Diffusion Models as Constrained Samplers for Optimization with Unknown Constraints (2402.18012v3)

Abstract: Addressing real-world optimization problems becomes particularly challenging when analytic objective functions or constraints are unavailable. While numerous studies have addressed the issue of unknown objectives, limited research has focused on scenarios where feasibility constraints are not given explicitly. Overlooking these constraints can lead to spurious solutions that are unrealistic in practice. To deal with such unknown constraints, we propose to perform optimization within the data manifold using diffusion models. To constrain the optimization process to the data manifold, we reformulate the original optimization problem as a sampling problem from the product of the Boltzmann distribution defined by the objective function and the data distribution learned by the diffusion model. Depending on the differentiability of the objective function, we propose two different sampling methods. For differentiable objectives, we propose a two-stage framework that begins with a guided diffusion process for warm-up, followed by a Langevin dynamics stage for further correction. For non-differentiable objectives, we propose an iterative importance sampling strategy using the diffusion model as the proposal distribution. Comprehensive experiments on a synthetic dataset, six real-world black-box optimization datasets, and a multi-objective molecule optimization dataset show that our method achieves better or comparable performance with previous state-of-the-art baselines.

• The paper introduces a novel method that leverages diffusion models as constrained samplers by integrating Boltzmann and data distribution densities.
• The approach uses a structured two-stage framework with guided diffusion warm-up followed by Langevin dynamics to hone in on feasible, optimized solutions.
• Experimental results demonstrate that the method outperforms existing baselines in multi-objective and real-world optimization tasks, including molecular design.

Diffusion Models as Constrained Samplers for Optimization with Unknown Constraints

Recent advancements in optimization, especially within complex real-world scenarios, often confront bounded constraints or scenarios where these constraints are unknown. Existing methods that handle unknown objective functions, categorized broadly under black-box optimization, have insufficiently addressed these challenges where feasibility constraints might not be articulated. When these constraints are disregarded, resulting solutions may lack viability when applied practically.

This paper proposes a novel approach leveraging diffusion models to address optimization problems on the data manifold, especially when faced with unknown constraints. By reframing optimization challenges as sampling problems from a product of probabilistic models, the authors have delineated a methodology that efficiently combines optimization objectives with the data space learned by a diffusion model.

Methodology

The approach is based on sampling from the product of two densities: the Boltzmann distribution, which is formed by the objective function, and the data distribution acquired via a diffusion model. Given that diffusion models have demonstrated a robust ability to learn intricate data distributions, utilizing them allows the practical constraints inherent in the data samples to be modeled effectively within the optimization process.

To enhance sampling efficiency, the authors proposed a structured two-stage framework. The initial stage involves a guided diffusion process that serves as a warm-up. This stage shifts the distribution focus towards feasible solutions, offering a preferable initial point for the subsequent step. Following this, Langevin dynamics refine solutions, pushing the exploration further and correcting initial samples. This two-stage approach ensures that the resultant samples respect learned constraints and minimize the objective within these bounds.

Experimental Results

Experiments validate the efficacy of this approach using synthetic data, six datasets from real-world black-box optimization scenarios, and a multi-objective optimization task within the field of molecular design. Notably, on tasks such as Superconductor, which involves optimizing material properties, the novel method surpassed existing baseline strategies in performance by significant margins.

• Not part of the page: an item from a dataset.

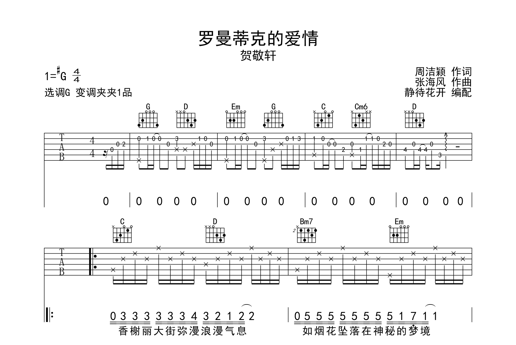 曲谱介绍: 罗曼蒂克的爱情吉他谱,贺敬轩演唱的一首歌曲,本吉他谱采用G调指法编配,来自@静待花开编配制作,变调夹夹第1品演奏,原调#G调,也可以根据个人嗓音条件灵活选择变调夹,演奏的速度控制在每分钟90拍左右,演奏难度简单,共3张高清图片谱例。

The contribution also holds strong numerical results in multi-objective optimization tasks, where the model not only attains high scores in specific objectives but adeptly balances multiple objective constraints, showcasing higher validity rates and competitive optimization results compared to existing methods.

Theoretical Implications

From a theoretical perspective, the approach demonstrates that the guided diffusion stage can effectively limit the optimization to within feasible constraints, as diffusion models are calibrated to understand the underlying data manifolds—proven in image, video, and 3D space modeling. The proposed method further expands on diffusion models' capabilities, manifesting their potential beyond generative tasks and situating them as viable tools for complex constrained optimization problems.

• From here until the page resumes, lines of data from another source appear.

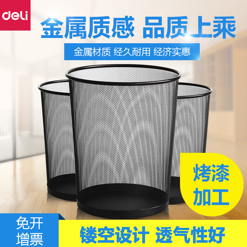 得力9189稳固 高度34cm高品质铁网圆纸篓 大号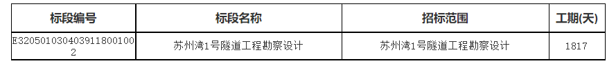 苏州湾1号隧道工程勘察设计标段服务招标资格预审公告(代招标公告)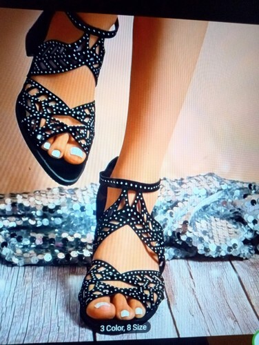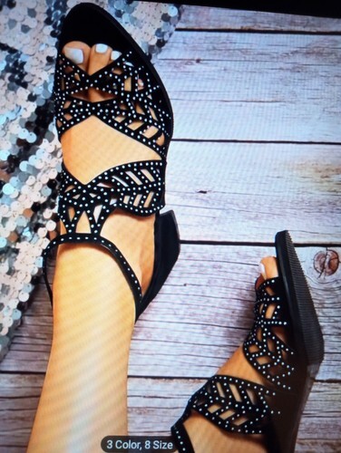 Sandals For Women Zip Back Rhinestone Cutout and similar items

Conclusions and Potential for Future Work

The research showcases a substantial leap in handling optimization under unknown constraints by adeptly employing diffusion models, providing a foundation for future developments in AI that explore real-world, conundrum-filled optimization landscapes. Practical applications range from drug design to material science, highlighting an attractive prospect for industries needing advanced, accurate optimization solutions under incomplete information about constraints.

Looking ahead, optimizing and enhancing manifold learning during the guided diffusion process could offer improvements, as would focusing on ensuring hard constraints directly within diffusion spaces. Additionally, extending this framework to cover derivative-free optimization represents a promising direction for further research.